- EXERCISE BRIEF
Repeat all the records exactly, omitting pictures.
BEGIN RECORD EXTRACTS
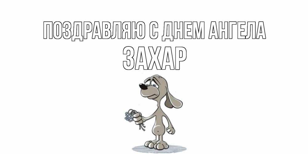 Открытка Поздравляю с днем Ангела Захар. песик скучает и дарит цветы. я по тебе скучаю с песиком
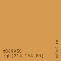 Цвет #D69A50 в цветовой модели RGB обозначается тремя октетами (214, 154, 80) в десятичном формате и #D69A50 в шестнадцатиричном (hex) формате, которые являются интенсивностью красного 214 (hex D6), интенсивность зелёного 154 (hex 9A) и интенсивность синего 80 (hex 50).
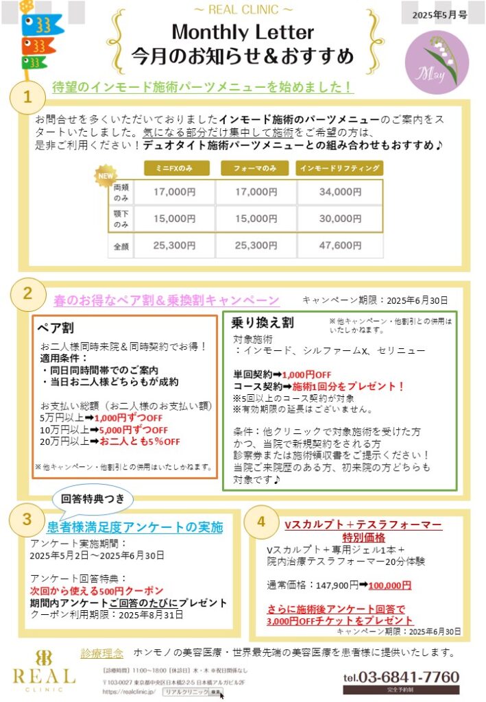 皆さまこんにちは♪ REALCLINICです!本日は5月キャンペーンについてお知らせいたします😍
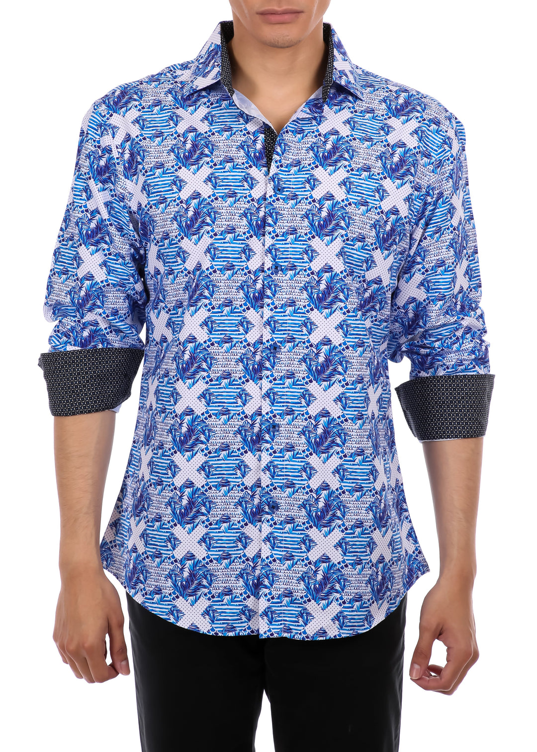 Men's Abstract Print Button Up Long Sleeve Dress Shirt
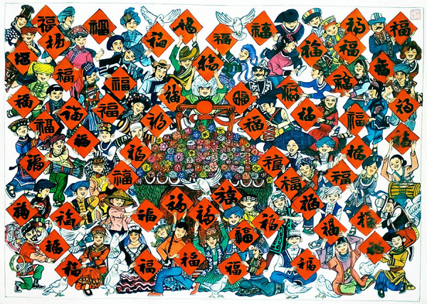 漫畫(huà)類(lèi)二等獎(jiǎng)《中國(guó)夢(mèng)·五十六個(gè)祝! 作者:林忠業(yè)
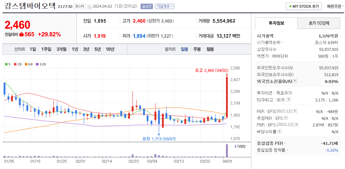 오늘 상한가 이유는 어제 아토피 피부염 줄기세포 치료제를 사용승인받았다는 이슈가 나오면서
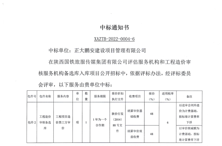 正大鵬安中標(biāo)陜西國鐵旅服傳媒集團(tuán)有限公司評估服務(wù)機(jī)構(gòu)和工程造價(jià)審核服務(wù)機(jī)構(gòu)備選庫入庫項(xiàng)目
END RECORD EXTRACTS
- YOUR RESPONSE
 Открытка Поздравляю с днем Ангела Захар. песик скучает и дарит цветы. я по тебе скучаю с песиком
 Цвет #D69A50 в цветовой модели RGB обозначается тремя октетами (214, 154, 80) в десятичном формате и #D69A50 в шестнадцатиричном (hex) формате, которые являются интенсивностью красного 214 (hex D6), интенсивность зелёного 154 (hex 9A) и интенсивность синего 80 (hex 50).
 皆さまこんにちは♪ REALCLINICです!本日は5月キャンペーンについてお知らせいたします😍
 Men's Abstract Print Button Up Long Sleeve Dress Shirt
 漫畫(huà)類(lèi)二等獎(jiǎng)《中國(guó)夢(mèng)·五十六個(gè)祝! 作者:林忠業(yè)
 오늘 상한가 이유는 어제 아토피 피부염 줄기세포 치료제를 사용승인받았다는 이슈가 나오면서
 正大鵬安中標(biāo)陜西國鐵旅服傳媒集團(tuán)有限公司評估服務(wù)機(jī)構(gòu)和工程造價(jià)審核服務(wù)機(jī)構(gòu)備選庫入庫項(xiàng)目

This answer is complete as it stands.